INFORMATION START

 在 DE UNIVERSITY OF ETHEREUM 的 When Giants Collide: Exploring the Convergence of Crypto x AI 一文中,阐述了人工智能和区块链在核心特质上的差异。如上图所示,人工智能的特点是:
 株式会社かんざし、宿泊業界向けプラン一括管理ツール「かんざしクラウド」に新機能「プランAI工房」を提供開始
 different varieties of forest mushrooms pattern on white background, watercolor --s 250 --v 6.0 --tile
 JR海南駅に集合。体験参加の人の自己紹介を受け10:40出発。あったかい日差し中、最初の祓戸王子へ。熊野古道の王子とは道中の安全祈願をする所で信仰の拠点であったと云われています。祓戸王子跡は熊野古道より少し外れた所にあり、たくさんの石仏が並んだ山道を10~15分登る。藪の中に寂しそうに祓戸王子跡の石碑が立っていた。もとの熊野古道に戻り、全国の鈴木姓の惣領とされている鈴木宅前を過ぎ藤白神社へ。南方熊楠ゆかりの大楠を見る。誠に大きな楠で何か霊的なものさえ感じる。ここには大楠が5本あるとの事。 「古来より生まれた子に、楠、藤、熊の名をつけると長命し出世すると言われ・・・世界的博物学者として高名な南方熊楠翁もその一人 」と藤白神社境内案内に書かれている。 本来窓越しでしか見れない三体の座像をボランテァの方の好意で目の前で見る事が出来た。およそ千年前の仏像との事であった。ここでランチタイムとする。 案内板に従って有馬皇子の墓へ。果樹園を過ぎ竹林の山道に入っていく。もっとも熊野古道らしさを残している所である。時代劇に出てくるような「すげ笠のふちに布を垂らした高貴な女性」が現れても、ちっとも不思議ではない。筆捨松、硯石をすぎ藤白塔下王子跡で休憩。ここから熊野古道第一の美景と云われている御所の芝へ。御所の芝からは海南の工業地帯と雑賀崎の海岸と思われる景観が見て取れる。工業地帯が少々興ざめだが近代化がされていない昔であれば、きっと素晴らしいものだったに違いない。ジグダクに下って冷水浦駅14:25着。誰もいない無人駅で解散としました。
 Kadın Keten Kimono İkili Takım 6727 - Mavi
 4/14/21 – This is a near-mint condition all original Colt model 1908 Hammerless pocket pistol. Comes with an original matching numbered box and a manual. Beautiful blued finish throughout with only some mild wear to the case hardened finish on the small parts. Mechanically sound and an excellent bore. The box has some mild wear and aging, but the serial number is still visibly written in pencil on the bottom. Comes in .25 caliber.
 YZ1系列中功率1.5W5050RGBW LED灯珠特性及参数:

INFORMATION END

■ WHAT IS NEEDED
The reply should consist solely of the lines of the data, exact, from the opening line through the line with "different varieties of", inclusive.

■ ANSWER
 在 DE UNIVERSITY OF ETHEREUM 的 When Giants Collide: Exploring the Convergence of Crypto x AI 一文中,阐述了人工智能和区块链在核心特质上的差异。如上图所示,人工智能的特点是:
 株式会社かんざし、宿泊業界向けプラン一括管理ツール「かんざしクラウド」に新機能「プランAI工房」を提供開始
 different varieties of forest mushrooms pattern on white background, watercolor --s 250 --v 6.0 --tile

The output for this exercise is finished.